I suspect that isn't the goal.

Review by more senior people shifts accountability from the Junior to a Senior, and reframes the problem from "Oh dear, the junior broke everything because they didn't know any better" to "Ah, that Senior is underperforming because they approved code that broke everything."

reply
> Review by a senior is one of the biggest "silver bullet" illusions managers suffer from

Especially in a big co like Amazon, most senior engineers are box drawers, meeting goers, gatekeepers, vision setters, org lubricants, VP's trustees, glorified product managers, and etc. They don't necessarily know more context than the more junior engineers, and they most likely will review slowly while uncovering fewer issues.

reply
This is also why I think we will enter a world without Jr's. The time it takes for a Senior to review the Jr's AI code is more expensive than if the Sr produced their own AI code from scratch. Factor in the lack of meetings from a Sr only team, and the productivity gains will appear to be massive.

Whether or not these productivity gains are realized is another question, but spreadsheet based decision makers are going to try.

reply
In this scenario, how might one become a senior without first being a junior? Seniors just pop into existence?
reply
The business leaders do not care about this yet. I think a lot of people think we already have more Seniors than we will need in the next 5-10 years.

Also - the definition of Senior will change, and a lot of current Seniors will not transition, while plenty of Juniors that put in a lot of time using code agents will transition.

reply
>while plenty of Juniors that put in a lot of time using code agents will transition.

But will they?
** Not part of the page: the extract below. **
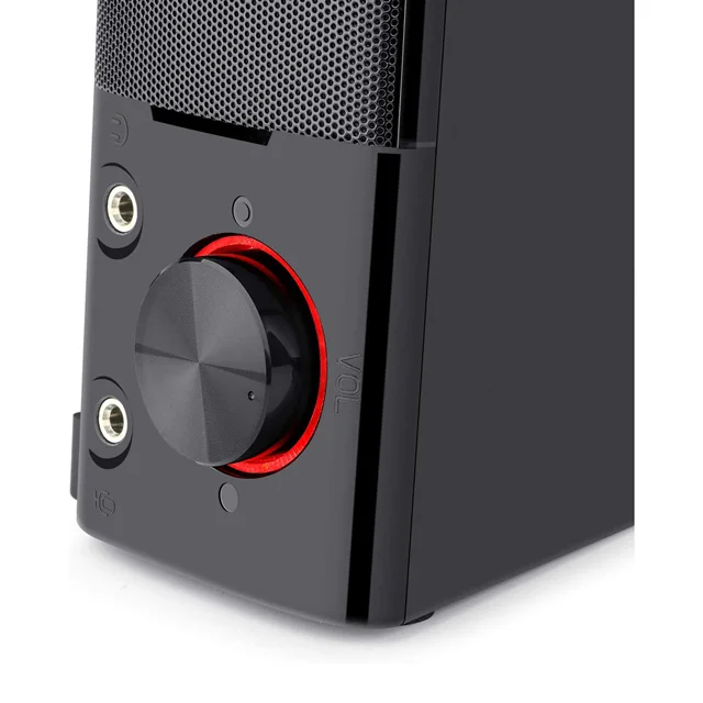 این اسیپیکر با کابل 3.5 میلیمتری و به وسلیه سوکت USB به سیستم شما متصل می شود که می تواند یک مهمانی را برای شما ساپورت کند، این اسپیکر به کامپیوتر، تلوزیون و لپ تاپ شخصی شما به راحتی متصل می شود و با حداکثر طول کابل 31 اینچی (80 سانتیمتری) بین دو بلندگو می توانید آن را با فاصله زیاد از دستگاهتان جا به جا کنید.

I'm not at all convinced that babysitting an AI churning out volumes of code you don't understand will help you acquire the knowledge to understand and debug it.

reply
Some will, some will not; hiring interviews and promotion committees will take care of the rest.
reply
The bet from various industry leaders appears to be that the current generation of engineers will be the last who will ever need to think about complex systems and engineering, as the AI will just get good enough to do all of that by the time they retire.
reply
I think it’s deeper than that because it’s affected more industries than software and already started pre AI.

American corporate culture has decided that training costs are someone else’s problem. Since every corporation acts this way it means all training costs have been pushed onto the labor market. Combine that with the past few decades of “oops, looks like you picked the wrong career that took years of learning and/or 10 to 100s of thousands of dollars to acquire but we’ve obsoleted that field” and new entrants into the labor market are just choosing not to join.

Take trucking for example. For the past decade I’ve heard logistics companies bemoan the lack of CDL holders, while simultaneously gleefully talk about how the moment self driving is figured out they are going to replace all of them.

We’re going to be outpaced by countries like China at some point because we’re doing the industrial equivalent of eating our seed corn and there is seemingly no will to slow that trend down, much less reverse it.

reply
> we’re doing the industrial equivalent of eating our seed corn and there is seemingly no will to slow that trend down, much less reverse it.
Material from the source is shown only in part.